- **Given information**:
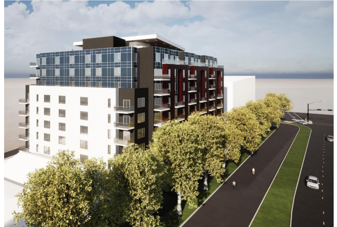
Design at Pre-Application Stage
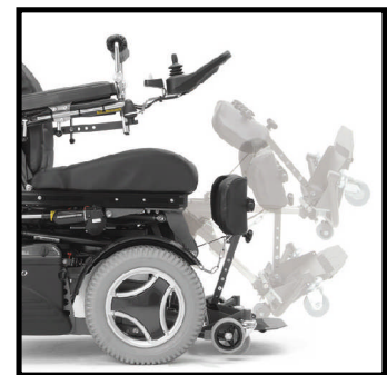
Power adjustable legrests operate independently from power adjustable recline
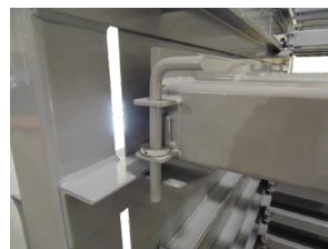
Automatically Locks Open Shelves in Place
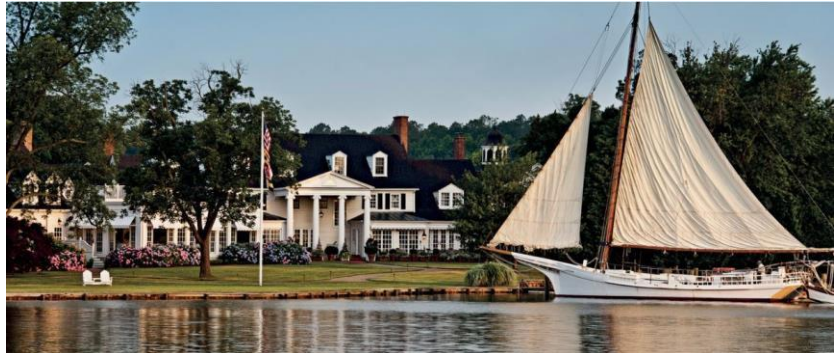
Inn at Perry Cabin
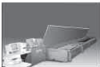
Horizontal Test Bed with Computer system. 150,000 - 3,000,000 lbs.
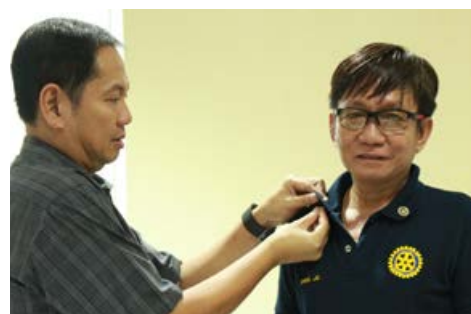
Z3 - RC La Paz
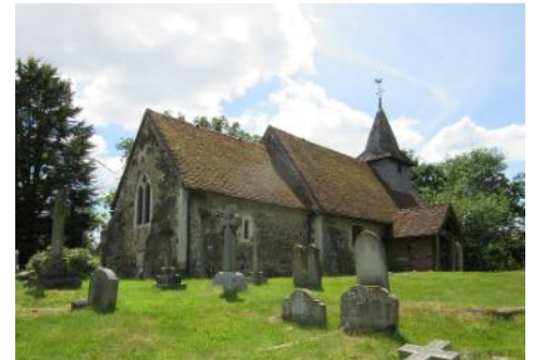
St Nicholas, Pyrford

St Nicholas Church, also dating back to the middle of the 12th century, remains essentially unaltered since that time. It has a capacity of 100, and is a popular film location. It is surrounded by a churchyard, which is now full. An extension of the burial ground is located across Newark Lane, with a hazardous crossing across the busy road between the two areas. To ease the situation, a new car park area has been created off Warren Lane. Originally the road between Pyrford and Ripley went to the west of the church, but this route involved a steep incline down to the water meadows, so the present road to the east was built.
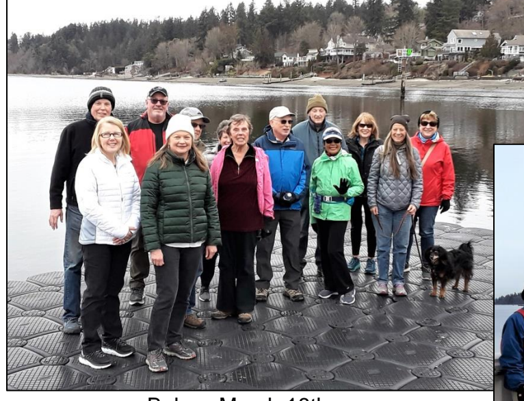
Below: March 18th
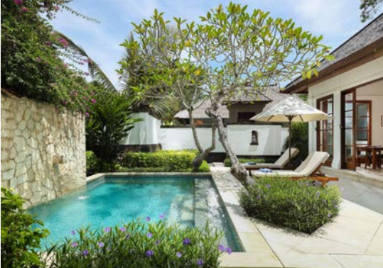
Villa Shanti, 3-Bedrooms
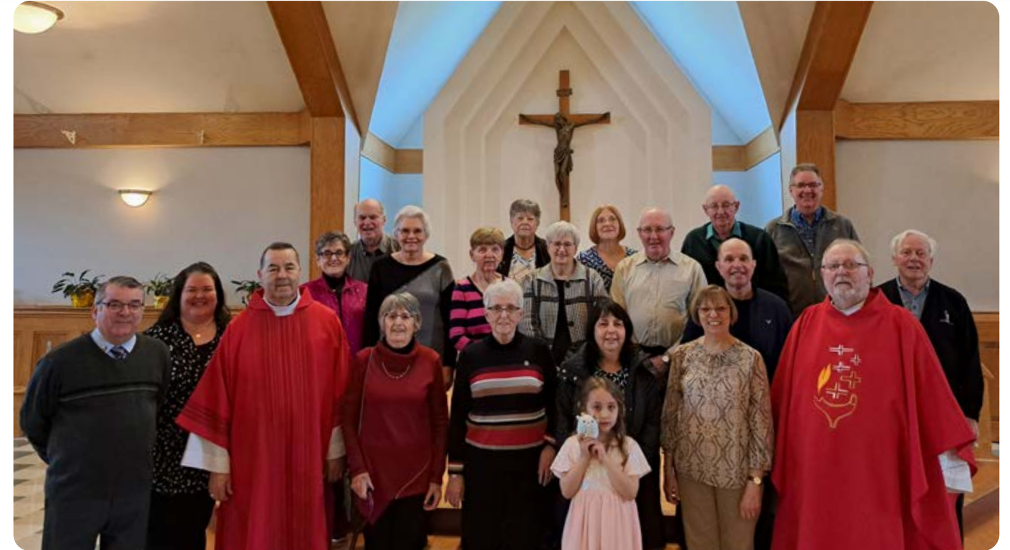
Mass For Shut Ins. April 5, 2025.
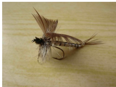
Anglers' dry fly.

At the end of twentieth century, the aims and values of UK anglers and Government were now aligned. Aided by science, and NGO interest, an alliance of institutions and citizen agents, was ready to produce “powerful matrix management efforts” Cooper et al. (2007). The next chapter looks at the AMI’s formation and its social make-up meeting this potential.
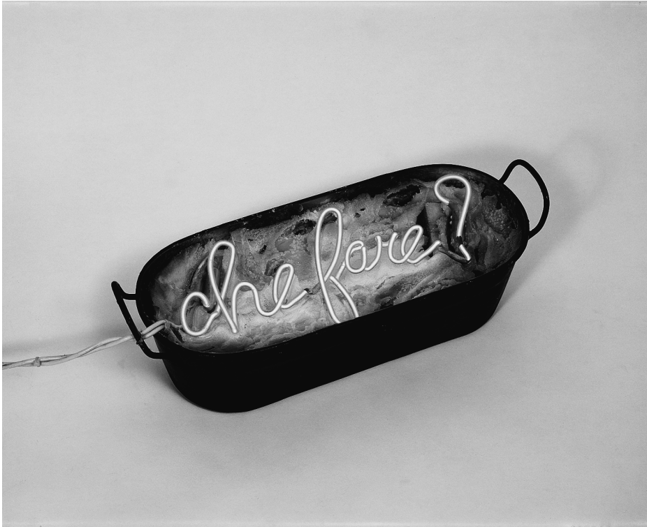
Merz. Che fare? 1968.

we found ourselves in a crossfire; between the students who had nothing whatsoever to do with our claims and with our cultural interests on one side, and the police who wanted to maintain order at all costs, in order to keep Venice from suffering economically on the other. We found ourselves in an ambiguous situation which in no way corresponded to the real needs of the Italian cultural situation. 40
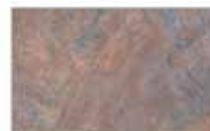
Formica 7226 Crayon
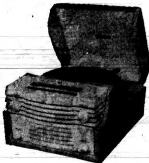
PHILCO MODEL 1253

1. Victrola 63E . . . The lowest priced Victrola there is! A natural for the children's room or den. It will play 10- or 12-inch records. A truly modern design complete with self-contained dynamic loud speaker. 29.95
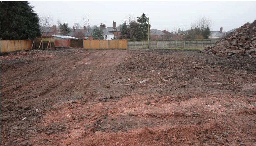
Photo 2: The northeastern part of the development site, looking SE
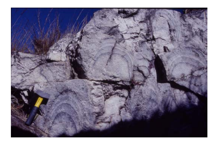
Figure 7 – Outcrop showing spectacular "line rock" structures in an aplitic-pegmatitic dike at Ambalamahatsara, Ambatofinandrahana region.
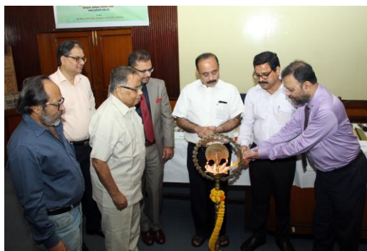
Inauguration of 3rd National Convention of SFE-India 2016
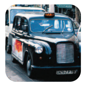
To make your journey easy, we can arrange for an individual transfer to your accommodation from all the major airports.
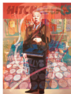
Alfred Hitchcock: The Mysterious Thinker

- **Exercise brief**:
Pictures excluded, transcribe the listing above exactly from the line with "1. Victrola 63E" through the line with "Photo 2: The", and no further.

- **Task solution**:
1. Victrola 63E . . . The lowest priced Victrola there is! A natural for the children's room or den. It will play 10- or 12-inch records. A truly modern design complete with self-contained dynamic loud speaker. 29.95
Photo 2: The northeastern part of the development site, looking SE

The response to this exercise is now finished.